For two discrete distributions \(Q\) and \(P\) with pmf \(q(x)\) and \(p(x)\) with \(x\in \Omega\) the mean log-loss is computed as the weighted sum \[ H(Q, P) = - \sum_{x \in \Omega} \log p(x) \, q(x) \] It can be interpreted as the expected cost or expected code length when the data are generated according to model \(Q\) (“sender”, “encoder”) and but we use model \(P\) to describe the data (“receiver”, “decoder”).
For two continuous distributions \(Q\) and \(P\) with pdfs \(q(x)\) and \(p(x)\) we compute the integral \[ H(Q, P) =- \int_x \log p(x)\, q(x) \, dx \]
Properties of the mean log-loss
The mean log-loss is not symmetric with regard to \(Q\) and \(P\), because the expectation is taken with reference to \(Q\).
If both distributions \(Q\) and \(P\) are identical, the mean log-loss reduces to entropy, i.e. \(H(Q, Q) = H(Q)\).

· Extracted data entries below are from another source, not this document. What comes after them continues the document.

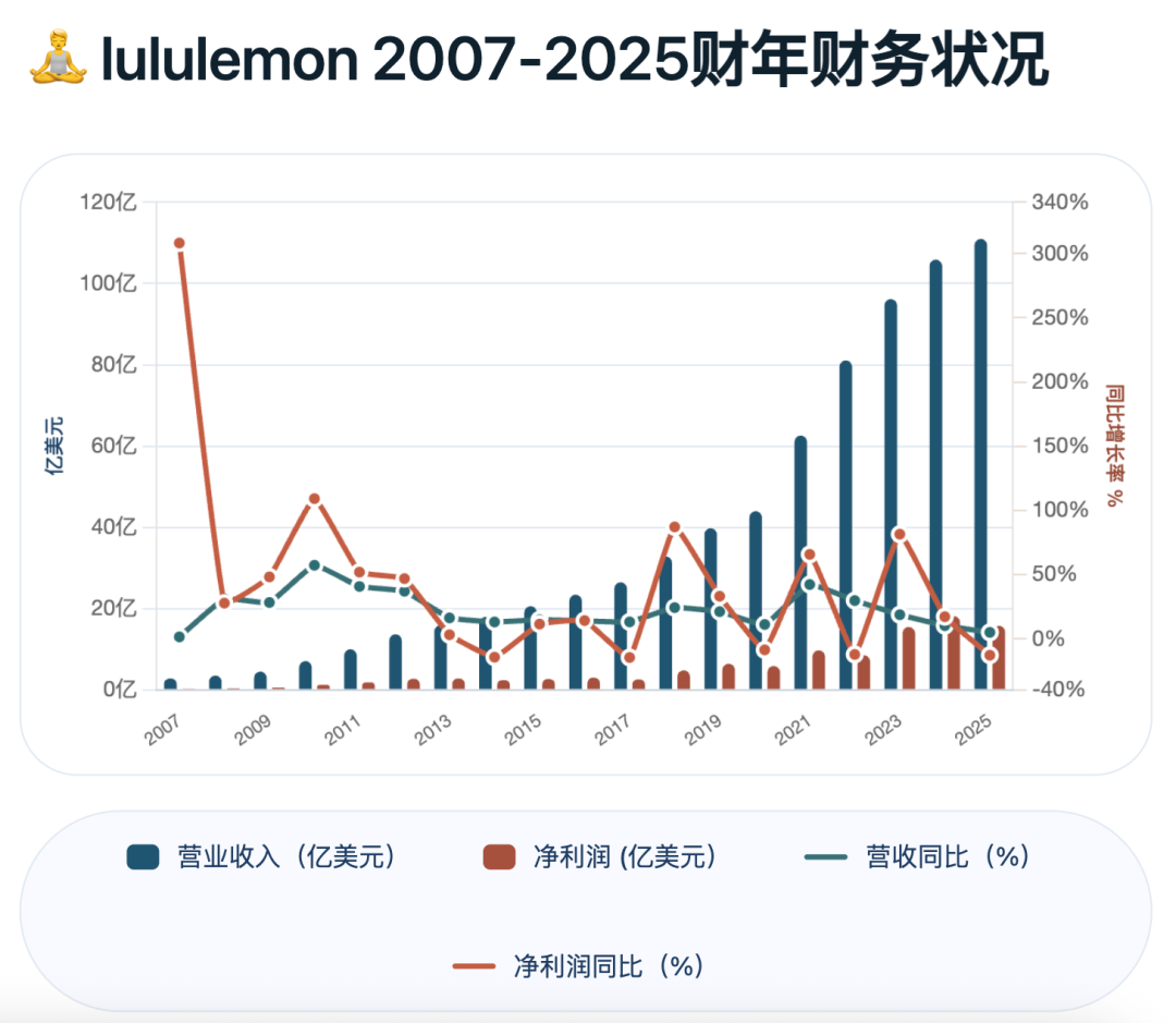 发圈价格被炒上天,但品牌的盈利能力正在被一点点稀释。这个内忧外患中艰难寻求平衡的巨头,正处于转型的阵痛期。2025财年,lululemon营收增幅创下上市以来新低,净利润同比下滑近13%。
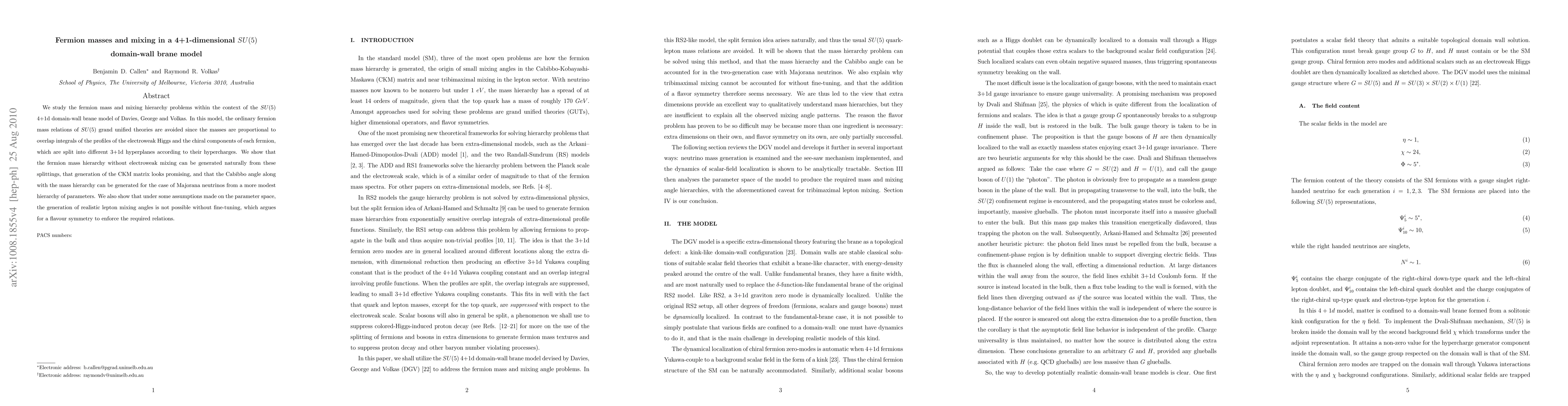 This paper explores fermion mass and mixing in a 4+1-dimensional SU(5) domain-wall brane model, demonstrating how mass hierarchies arise naturally without electroweak mixing due to fermion profile overlaps. It suggests promising generation of the CKM matrix and Cabibbo angle for Majorana neutrinos, but notes that realistic lepton mixing requires fine-tuning or a flavor symmetry.
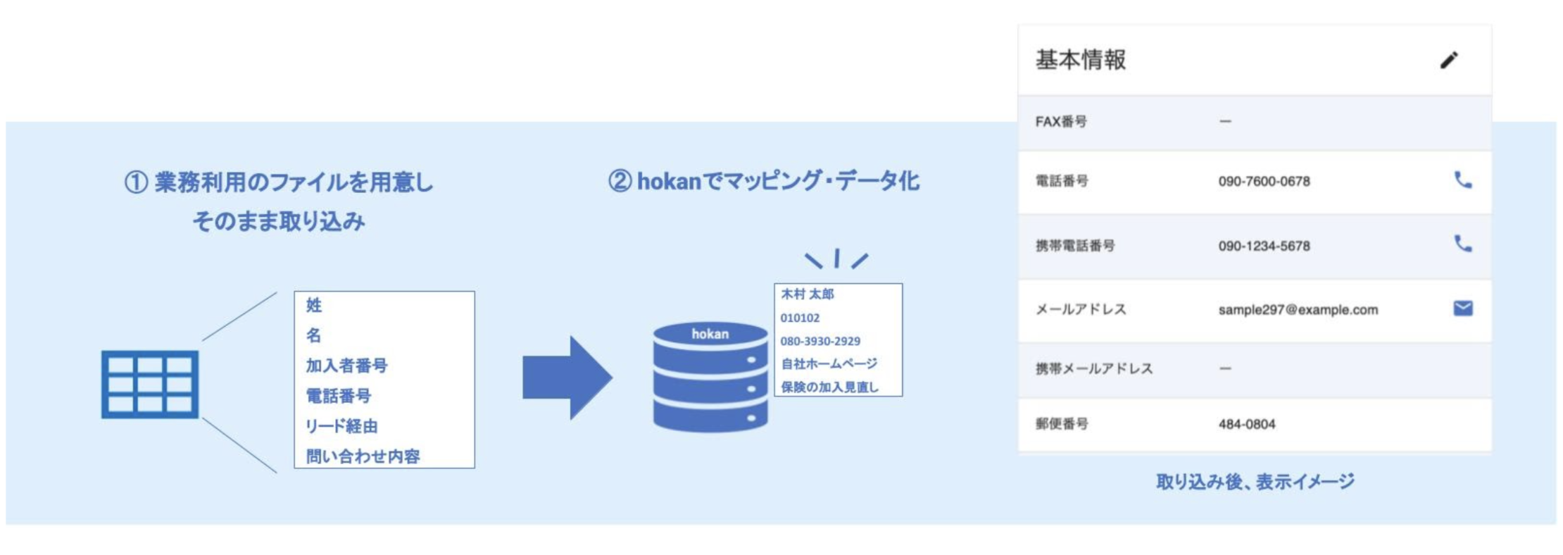 本機能、「マジックインポート」の提供により、顧客情報を強固なセキュリティで保護されたhokan上で一元管理可能となり、データ集約・加工作業を一つのシステム上で行うことができることで、更なる経営効率の向上が可能となります。
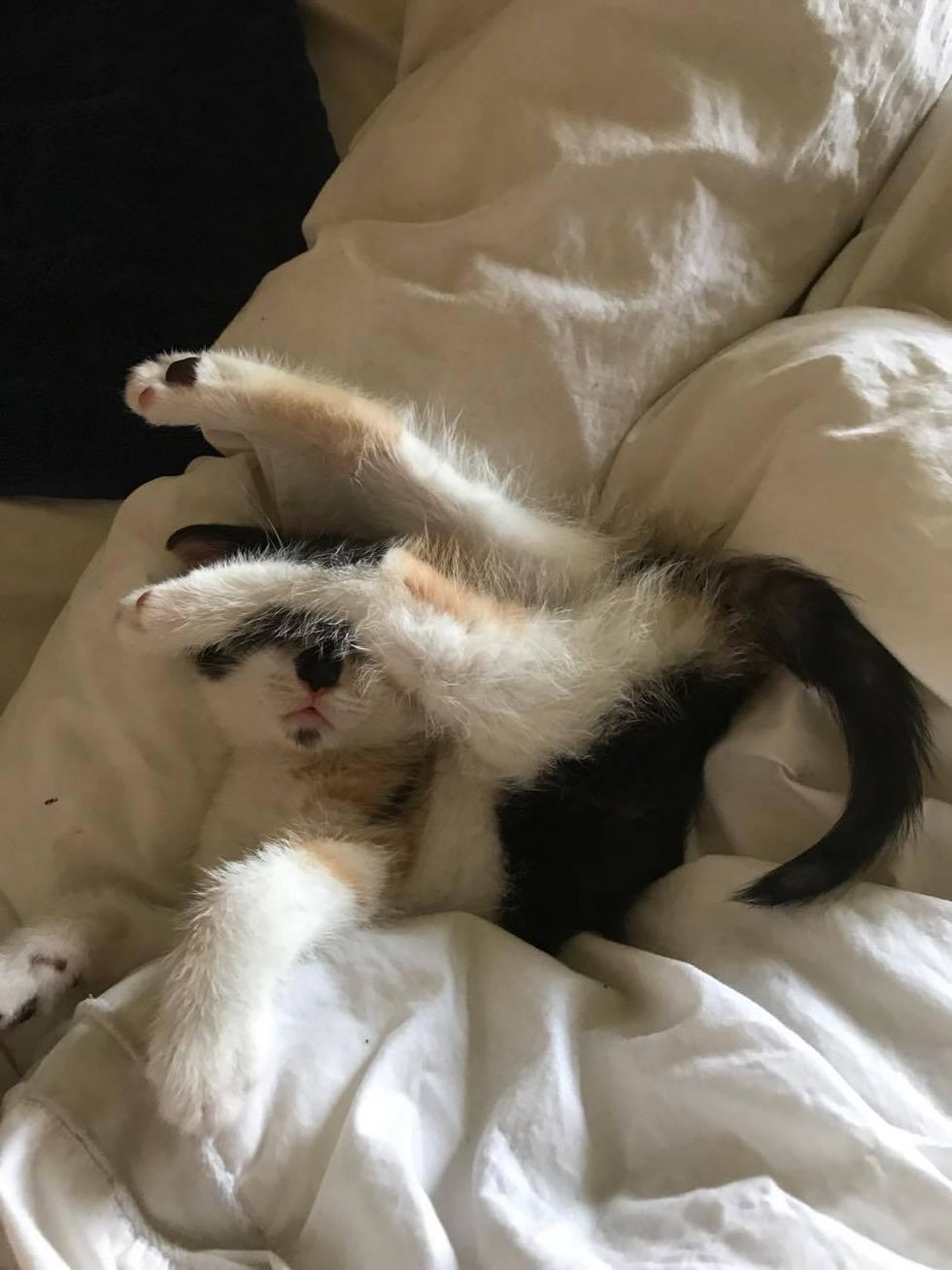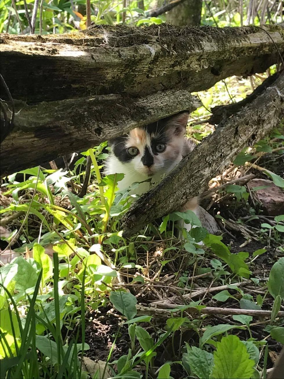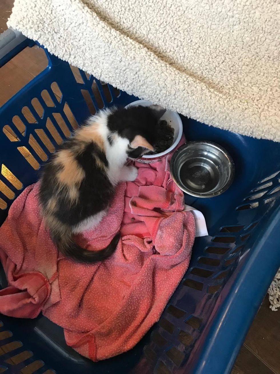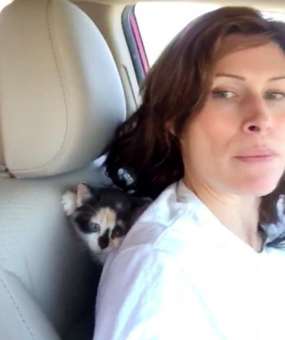 He didn't respond right away but Carla couldn't leave the kitten there, and the calico was clinging to her for dear life.
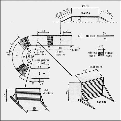 Na druhém úseku ve vzdálenosti 30 m od etapové čáry úseku se postaví bariéra pro chlapce o výšce 150 cm, nebo bariéra pro dívky a mladší kategorii o výšce 80 cm (případně příčné břevno).
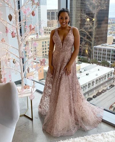 V-Neck Lace Long Prom Dress,Evening Dress,Prom Dresses
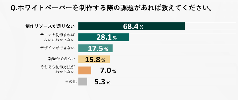 ホワイトペーパー制作の課題として多いのは断然「制作リソースが足りない」(68.4%)でした。
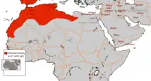 Medieval events in Ifriqiya and al-Maghrib often have tribal associations. Linked to the Kabyle Sanhaja were the Kutama tribes, whose support worked to establish the Fatimid Caliphate (909–1171, only until 1049 in Ifriqiya); their vassals and later successors in Ifriqiya the Zirids (973-1160) were also Sanhaja.[64] The Almoravids (1056–1147) first began far south of Morocco, among the Lamtuna Sanhaja.[63] From the Masmuda came Ibn Tumart and the Almohad movement (1130–1269), later supported by the Sanhaja. Accordingly, it was from among the Masmuda that the Hafsid dynasty (1227–1574) of Tunis originated.[62][65][66]
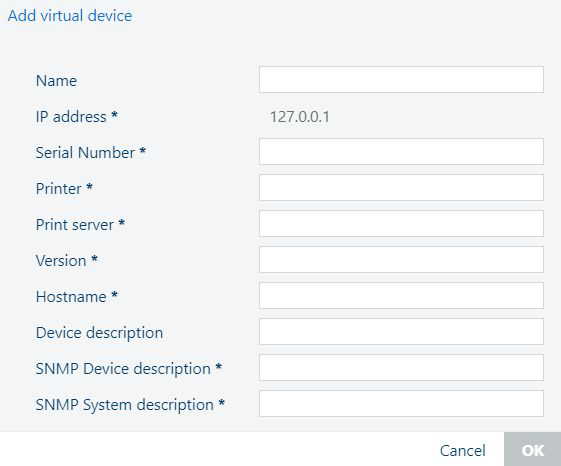 [가상 장치 추가] 은(는) 실제 장치를 사용할 수 없을 때 데모용 솔루션입니다.가상 장치를 사용할 때의 이점은 즉각 사용할 수 있으며 연결 부재 문제가 없다는 것입니다.[장치] 테이블의 모든 필드에 값을 입력해야 합니다.
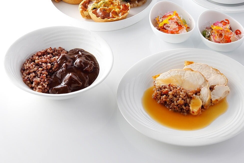 岩手県軽米町のあわ、ひえ、いなきび、たかきび、アマランサス、緑米、赤米、黒米などの雑穀をホテルオリジナルブレンドにした「Jシリアル」は、食物繊維やたんぱく質、ビタミン、ミネラル、ポリフェノールなどの栄養価たっぷり含みます。ニューオータニ特製カレーやJシリアルの丸ごとローストチキン(ランチのみ)でお愉しみいただけます。
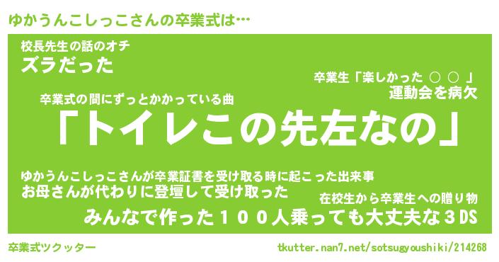 | 伝説のあだ名 | 『伝説のスナイパーゆかうんこしっこ』 |

Like differential entropy the mean log-loss changes under variable change for continuous random variables, such as from \(x\) to \(y\), hence \(H(Q_y, P_y) \neq H(Q_x, P_x)\).
Gibbs’ inequality
A crucial further property of the mean log-loss \(H(Q, P)\) is that it is bounded below by the entropy of \(Q\), therefore \[ H(Q, P) \geq H(Q) \] with equality only if \(P=Q\). This is known as Gibbs’ inequality.
This lower bound can be established2 using Jensen’s inequality for convex functions (recall that \(-\log(x)\) is strictly convex).
As a consequence, when data are generated (encoded) under model \(Q\) and described (decoded) using model \(P\) there is always an extra cost, or penalty, to employ the approximating model \(P\) rather than the correct model \(Q\).
More generally, proper scoring rules (see Note 3.1) satisfy the inequality \(R_Q(P) \geq R_Q(Q)\). For strictly proper scoring rules the minimum is achieved uniquely at the true distribution \(Q\) (see Note 4.1).
Examples
Example 4.1 Mean log-loss for two normal distributions:
Assume \(P_1=N(\mu_1,\sigma^2_1)\) and \(P_2=N(\mu_2,\sigma^2_2)\). The mean log-loss is \[ \begin{split} H(P_1, P_2) &= -\text{E}_{P_1} \left( \log p(x |\mu_2, \sigma^2_2) \right)\\ &= \frac{1}{2} \text{E}_{P_1} \left( \log(2\pi\sigma^2_2) + \frac{(x-\mu_2)^2}{\sigma^2_2} \right) \\ &= \frac{1}{2} \left( \frac{(\mu_1 - \mu_2)^2}{ \sigma^2_2 } +\frac{\sigma^2_1}{\sigma^2_2} +\log(2 \pi \sigma^2_2) \right) \\ \end{split} \] using \(\text{E}_{P_1} ((x-\mu_2)^2) = (\mu_1-\mu_2)^2 + \sigma^2_1\).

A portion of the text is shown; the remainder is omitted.